Robotics

SignVLA: A Gloss-Free Vision-Language-Action Framework for Real-Time Sign Language-Guided Robotic Manipulation

Researchers' gloss-free system maps sign gestures directly to robot actions, cutting annotation costs by 100%.

Deep Dive

A research team led by Xinyu Tan and Ningwei Bai has introduced SignVLA, the first gloss-free Vision-Language-Action framework that enables real-time robotic manipulation through sign language. Unlike conventional approaches that require labor-intensive gloss annotations as intermediate supervision, this system directly maps visual sign gestures to semantic instructions, eliminating annotation costs and avoiding the information loss inherent in gloss representations. The framework focuses on alphabet-level finger-spelling for robotic control, providing a more reliable and interpretable interface than continuous sign language recognition systems, particularly in safety-critical embodied environments where precision matters.
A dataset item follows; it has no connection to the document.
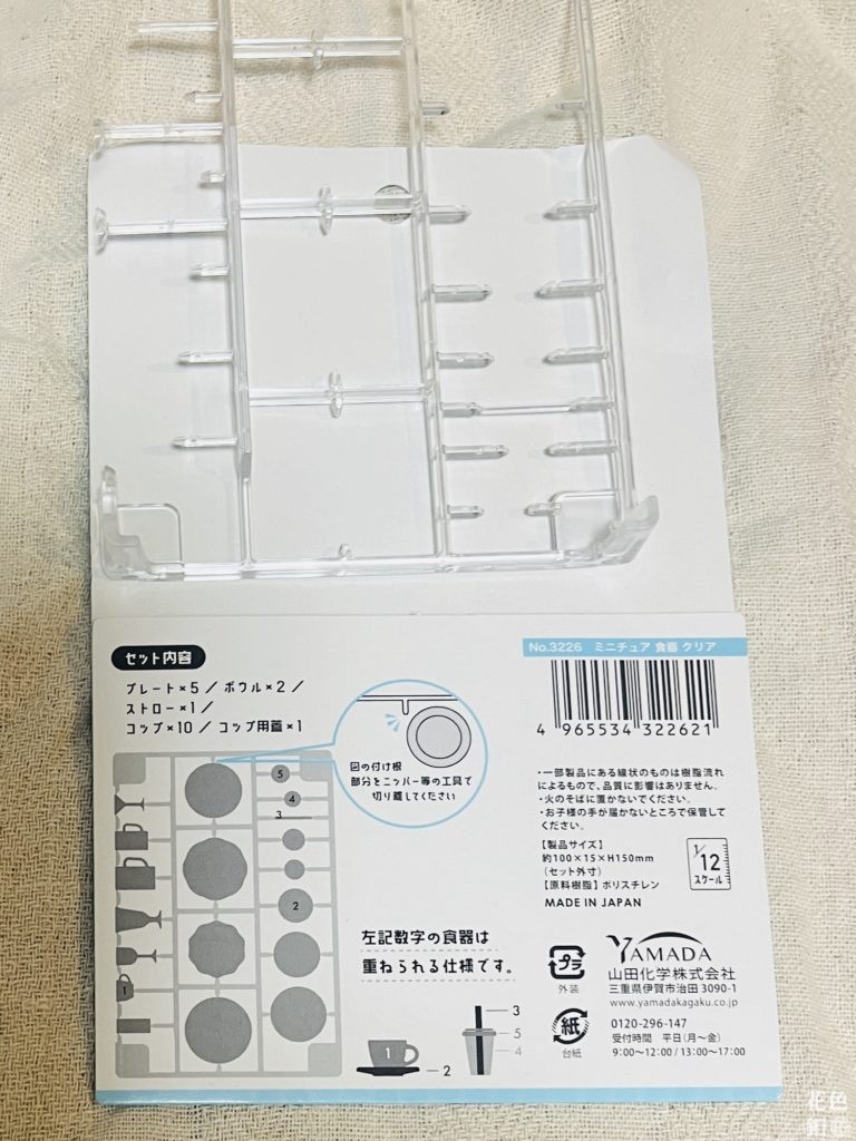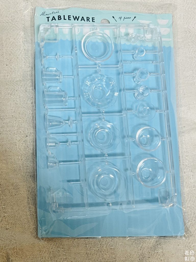 セリアで買った透明なテーブルウェア。ミニチュアでおなじみ山田化学です。

The technical pipeline transforms continuous gesture streams into coherent language commands through geometric normalization, temporal smoothing, and lexical refinement, ensuring stable interaction. The system is designed for future integration with transformer-based gloss-free sign language models, enabling scalable word-level and sentence-level semantic understanding. Experimental results demonstrate effective grounding of sign-derived instructions into precise robotic actions across diverse scenarios. This research represents a significant step toward accessible, scalable multimodal embodied intelligence that could transform how humans interact with robotic systems, particularly benefiting deaf and hard-of-hearing communities while advancing natural human-robot collaboration.

Key Points
  • First gloss-free VLA framework eliminates intermediate gloss annotations, reducing annotation costs by 100%
  • Real-time alphabet-level finger-spelling interface provides low-latency control with improved reliability in safety-critical environments
  • Designed for future integration with transformer models to enable scalable word and sentence-level understanding

Why It Matters

Enables accessible human-robot interaction for deaf communities while advancing natural multimodal control systems for broader applications.